Lousto is back again with a new numerical relativity milestone, this time simulating merging black holes where the ratio of the mass of the larger black hole to the smaller one is 128 to 1 -- a scientific problem at the very limit of what is computational possible. His secret weapon: the Frontera supercomputer at TACC, the eighth most powerful supercomputer in the world and the fastest at any university.
His research with collaborator James Healy, supported by the National Science Foundation (NSF), was published in Physical Review Letters this week. It may require decades to confirm the results experimentally, but nonetheless it serves as a computational achievement that will help drive the field of astrophysics forward.
"Modeling pairs of black holes with very different masses is very computational demanding because of the need to maintain accuracy in a wide range of grid resolutions," said Pedro Marronetti, program director for gravitational physics at NSF. "The RIT group has performed the world's most advanced simulations in this area, and each of them takes us closer to understanding observations that gravitational-wave detectors will provide in the near future."
LIGO is only able to detect gravitational waves caused by small and intermediate mass black holes of roughly equal size.
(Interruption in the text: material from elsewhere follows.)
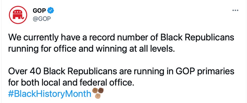 However, the GOP is proud to announce that a small number of Black people identify as Republicans. No one’s perfect. The GOP’s official Twitter account boasted, "We currently have a record number of Black Republicans running for office and winning at all levels. Over 40 Black Republicans are running in GOP primaries for both local and federal office.” Next to the hashtag #BlackHistoryMonth was three raised Black fists of different shades. Yeah, really.

It will take observatories 100 times more sensitive to detect the type of mergers Lousto and Healy have modeled. Their findings show not only what the gravitational waves caused by a 128:1 merger would look like to an observer on Earth, but also characteristics of the ultimate merged black hole including its final mass, spin, and recoil velocity. These led to some surprises.
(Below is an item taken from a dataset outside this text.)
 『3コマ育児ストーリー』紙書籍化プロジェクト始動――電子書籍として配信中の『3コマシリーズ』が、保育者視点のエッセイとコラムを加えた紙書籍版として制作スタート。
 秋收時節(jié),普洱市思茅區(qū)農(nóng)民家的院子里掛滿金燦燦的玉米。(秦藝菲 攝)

"These merged black holes can have speeds much larger than previously known," Lousto said. "They can travel at 5,000 kilometers per second. They kick out from a galaxy and wander around the universe. That's another interesting prediction."
The researchers also computed the gravitational waveforms -- the signal that would be perceived near Earth -- for such mergers, including their peak frequency, amplitude, and luminosity. Comparing those values with predictions from existing scientific models, their simulations were within 2 percent of the expected results.
Previously, the largest mass ratio that had ever been solved with high-precision was 16 to 1 -- eight times less extreme than Lousto's simulation. The challenge of simulating larger mass ratios is that it requires resolving the dynamics of the interacting systems at additional scales.
Like computer models in many fields, Lousto uses a method called adaptive mesh refinement to get precise models of the dynamics of the interacting black holes. It involves putting the black holes, the space between them, and the distant observer (us) on a grid or mesh, and refining the areas of the mesh with greater detail where it is needed.
Lousto's team approached the problem with a methodology that he compares to Zeno's first paradox. By halving and halving the mass ratio while adding internal grid refinement levels, they were able to go from 32:1 black hole mass ratios to 128:1 binary systems that undergo 13 orbits before merger. On Frontera, it required seven months of constant computation.
"Frontera was the perfect tool for the job," Lousto said. "Our problem requires high performance processors, communication, and memory, and Frontera has all three."
The simulation isn't the end of the road. Black holes can have a variety of spins and configurations, which impact the amplitude and frequency of the gravitational waves their merger produces. Lousto would like to solve the equations 11 more times to get a good first range of possible "templates" to compare with future detections.
The results will help the designers of future Earth- and space-based gravitational wave detectors plan their instruments. These include advanced, third generation ground based gravitational wave detectors and the Laser Interferometer Space Antenna (LISA), which is targeted for launch in the mid-2030s.
The research may also help answer fundamental mysteries about black holes, such as how some can grow so big -- millions of times the mass of the Sun.